Plus: Aggressives AOT Compiling

Project Leyden: Mehr Speed für Java durch Static Images

Dominik Mohilo

© Shutterstock / kasha_malasha

Langsame Startzeiten, großer Footprint, lange Dauer bis zur Höchstleistung: Das sind die Leiden vom (nicht mehr ganz so jungen) Java. Dass es dafür Lösungen gibt, beweisen einige Frameworks und Tools – wie die GraalVM – sehr eindrucksvoll. Warum also nicht auch für das „klassische“ Java und die HotSpot JVM? Project Leyden soll genau dies evaluieren. Das Heilmittel nennt sich Static Image.

Die Welt dreht sich gefühlt immer schneller und ein Ereignis jagt das nächste – frei nach dem Motto „Wer rastet, der rostet“. Ganz ähnlich verhält es sich im Mikrokosmos Programmiersprachen: Auch hier ist Geschwindigkeit ein entscheidender Faktor. Doch sind wir grundehrlich, müssen wir zugeben, dass Java gerade in Bezug auf die Geschwindigkeit nicht immer Klassenprimus ist. Neue Ansätze wie die GraalVM sorgen für mehr Speed unter der Haube, Project Leyden soll das Thema nun auch wieder für die Java-Plattform und das JDK adressieren.

Project Leyden: Static Images für Java

Niemand geringeres als Mark Reinhold höchstselbst hat Project Leyden ins Leben gerufen und sich auch gleich als Projektleiter ins Spiel gebracht. An Bord für das ambitionierte Projekt wüsste er unter anderem Alex Buckley, Bob Vandette, Claes Redestad, Igor Veresov, Ioi Lam, Mandy Chung und Vladimir Kozlov gerne als Reviewer an seiner Seite. Natürlich mit der Option, das Team zu erweitern.

Doch worum genau geht es? Einfach gesagt: Um die Verbesserung der Startgeschwindigkeit von Java und der Zeit, bis Java die höchste Leistung (Peak Performance) erreicht sowie die Verkleinerung des Footprints. Das klingt erstmal nicht trivial, sondern nach einem umfangreichen Unterfangen. Die Lösung allerdings könnte simpler nicht ausgedrückt sein: Static Images. Laut Reinhold sind diese statischen Images eigenständige Programme, die aus einer bestimmten Anwendung hervorgehen und nur genau diese Anwendung ausführen, keine andere. Zudem haben Static Images, wie der Name vermuten lässt, eine gewisse Beständigkeit. Soll heißen, sie sollen nicht in der Lage sein, Klassen von außerhalb des Images selbst zu laden oder zur Laufzeit neuen Bytecode ausführen.
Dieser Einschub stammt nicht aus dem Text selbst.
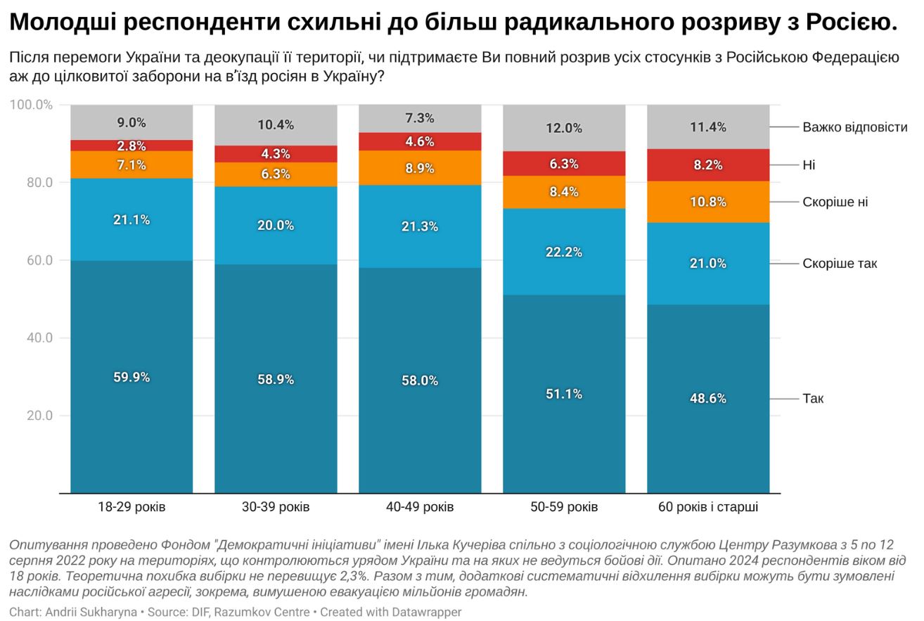 Details: In addition, more than 75 percent of respondents will support the decision [after the victory of Ukraine and liberation of its territory] to completely sever all ties with Russia, up to a complete ban on the entry of Russians into Ukraine.
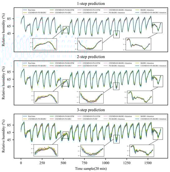From the perspective of the prediction framework, feature selection and data denoising can fully extract features highly correlated with RH, remove noise, and eliminate the influence of redundant factors, thereby enhancing the quality of the model input. From the perspective of the baseline model, BiGRU can fully explore the correlation between model inputs and outputs and has good fitting ability. The introduction of an attention mechanism enables capturing the long-term dependence of the RH sequence and effectively improves the situation where important information is lost due to excessive data during BiGRU training. Compared with LSTM, CEEMDAN-FS-BiGRU-Attention reduced the MAE, RMSE, and MAPE for predicting the future 3 steps by 57.7%, 48.2%, and 56.6%, respectively, demonstrating outstanding predictive performance.

Aggressive AOT-Kompilierung

Die Einschränkungen sind massiv, das ist klar, womit sich statische Images nicht für jeden Anwendungstyp eignen wird. Doch gerade im Hinblick auf Serverless, also die Cloud, oder das Internet of Things könnte dies ein kleiner Preis für eine deutlich bessere Performance sein, wie Reinhold zu bedenken gibt, trotz der manchmal kniffligen Notwendigkeit, manuelle Einstellungen vorzunehmen. Vorteile bringen die genannten Beschränkungen auch im Hinblick auf die Größe des Images und damit auch zu dessen Startgeschwindigkeit. Durch gezielte Analysen zur Build-Zeit sollen ungenutzte Klassen entfernt werden können. Außerdem könne so durch „aggressive AOT-Kompilierung“ die Zeit verringert werden, bis Java auf Hochtouren läuft.

Wer nun denkt, dass dies ja schon sehr nach der GraalVM, bzw. dem Native Image Feature der virtuellen Maschine klingt, liegt damit nicht komplett daneben. Dennoch, so betont Mark Reinhold, wolle man Leyden nicht einfach durch den Merge des Native-Image-Codes aus der GraalVM implementieren, sondern das Feature auf dem „klassischen“ JDK und dessen Teilen aufbauen. Dennoch soll die Interoperabilität mit der GraalVM natürlich sehr leichtfertig von der Hand gehen, wie man erwarten darf.

Das Release von Leyden, so der aktuelle Stand, soll gewohnt über eine Serie von JEPs releast werden. Weitere Informationen zum Projekt gibt es auf der JDK-Mailing-Liste.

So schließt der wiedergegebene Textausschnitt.